Not optimistic for high school sports starting soon — at this momentBy DAVID W. HEALY (COLUMN),
It is 9 o’clock in the morning on Friday, July 10, and, right now, I am not optimistic we will have high school sports this fall.
But the good news is ever since we started living in the age of uncertainty, I know that my opinion seems to change every other moment. Ask me the same question in a week or two and I may be gung-ho that the seasons will start this fall.
Let me be honest. I am desperate for high school sports to begin. Covering these games is what I do. High school sports are not just an extracurricular activity. They are important to both the growth of the athletes who play them and to the fabric of our community.
But, I do live in reality. And, too many things have happened recently, most notably the sudden rise in new coronavirus cases, that makes me wonder if high school sports will happen anytime soon.
“Mississippi is in a fight for our lives. We are in the middle of a spike,” Gov. Tate Reeves said Thursday afternoon after ordering residents in 13 counties, including Washington, to wear masks while at public gatherings.
It is statements like this one by the governor that has given me more pessimism about high school sports beginning on time this fall. High school football players are set to begin full practices in just a few weeks, and, at the same time, the governor is saying we are in a fight for our lives?
Then, a few minutes ago, I checked my email and read the St. Joseph Catholic School newsletter. It only made me more pessimistic about playing sports this fall.
Contained in the newsletter were guidelines by The Catholic Diocese of Jackson, which included:
— Having each school take temperatures of all school and staff members before school starts each day.
— Mandating that masks be worn by students, teachers and anyone who enters the school
— Schools must make special efforts to limit class sizes and adjust schedules
After reading these guidelines, which will likely be similar to other school districts in our community, I just don’t see how you can be this cautious during the school day, but after the bell rings tell the youngsters, “Now take off your masks and go play a tackle football game against other kids from another town.”

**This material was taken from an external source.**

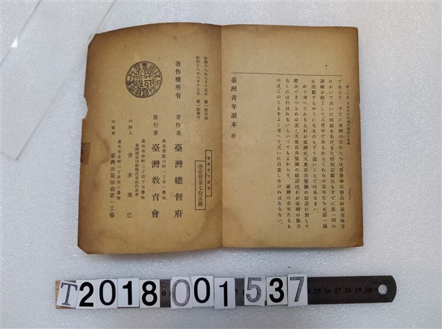 臺灣總督府著《臺灣青年讀本》昭和十八年八月十七日發行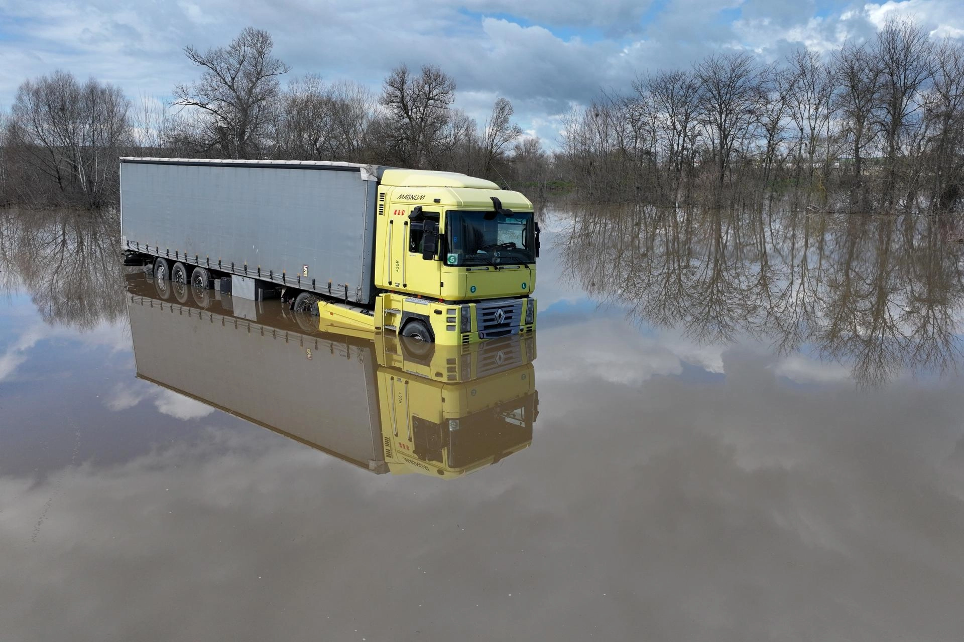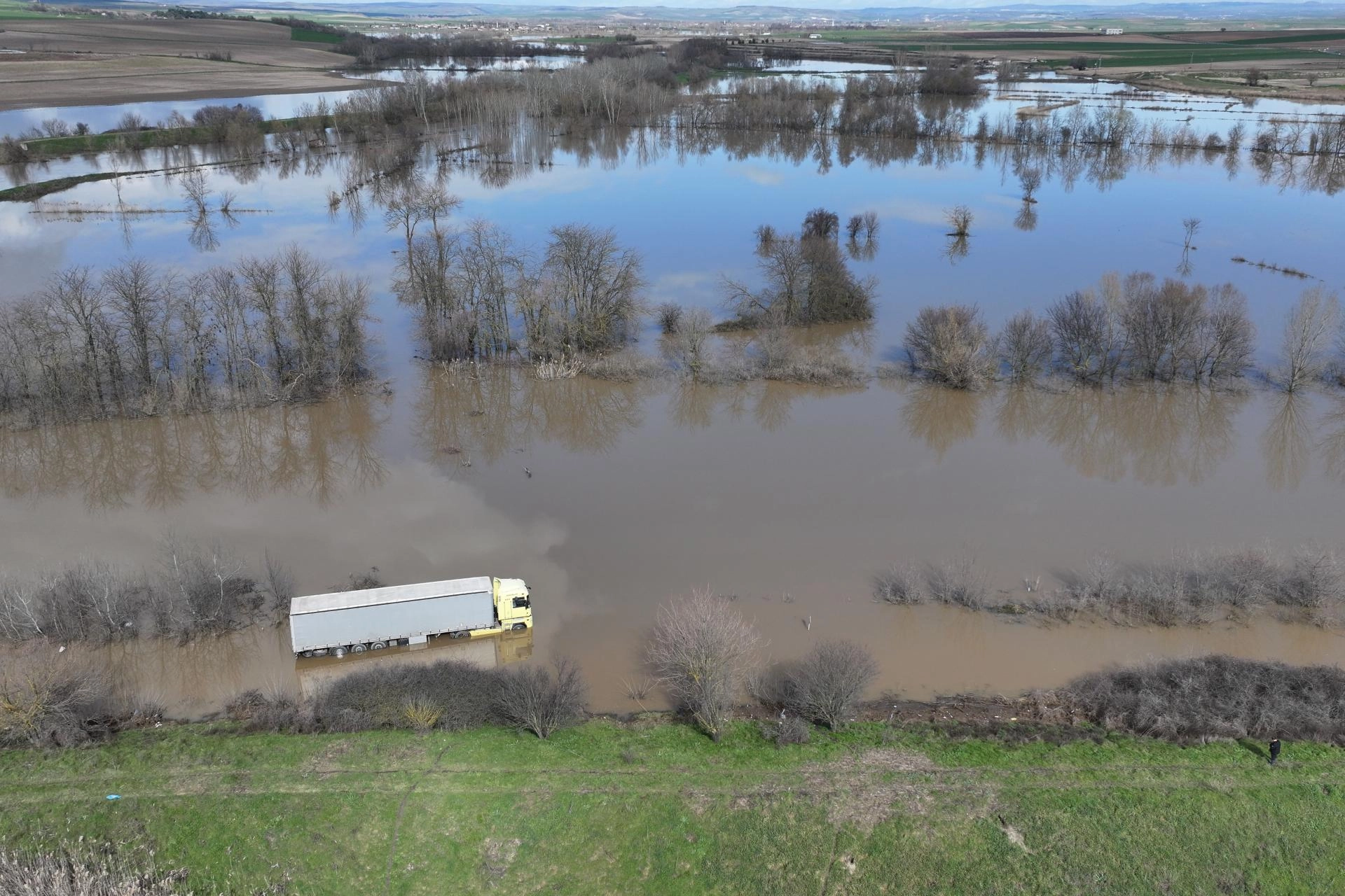 Bulgaristan uyruklu Asen Atanasov’un kullandığı tır, Tunca Nehri’nin taşkın nedeniyle su bastığı Avarız köyü yolunda sürücüsünün direksiyon hakimiyetini kaybetmesi sonucu yoldan çıktı.

It’s true that professional sports like the NBA and Major League Baseball are currently gathering and are about to begin their seasons. This should be signs of hope. But, I also realize that these leagues are also mandating that everyone involved in the leagues’ startup plans must be constantly tested for COVID-19. It just does not seem to make sense that professional athletes need to be tested in order to play, but it is fine if high school athletes are not tested. Are we saying an NBA player's life is more valuable then one of our high school children? Even if you think this whole situation has been blown out of proportion (which I find myself believing at times), I don’t see how you can see the logic of only testing the athletes in the country who have the funds to afford the tests. According to the data, professional athletes are just as likely to not be seriously harmed by the virus as high school kids.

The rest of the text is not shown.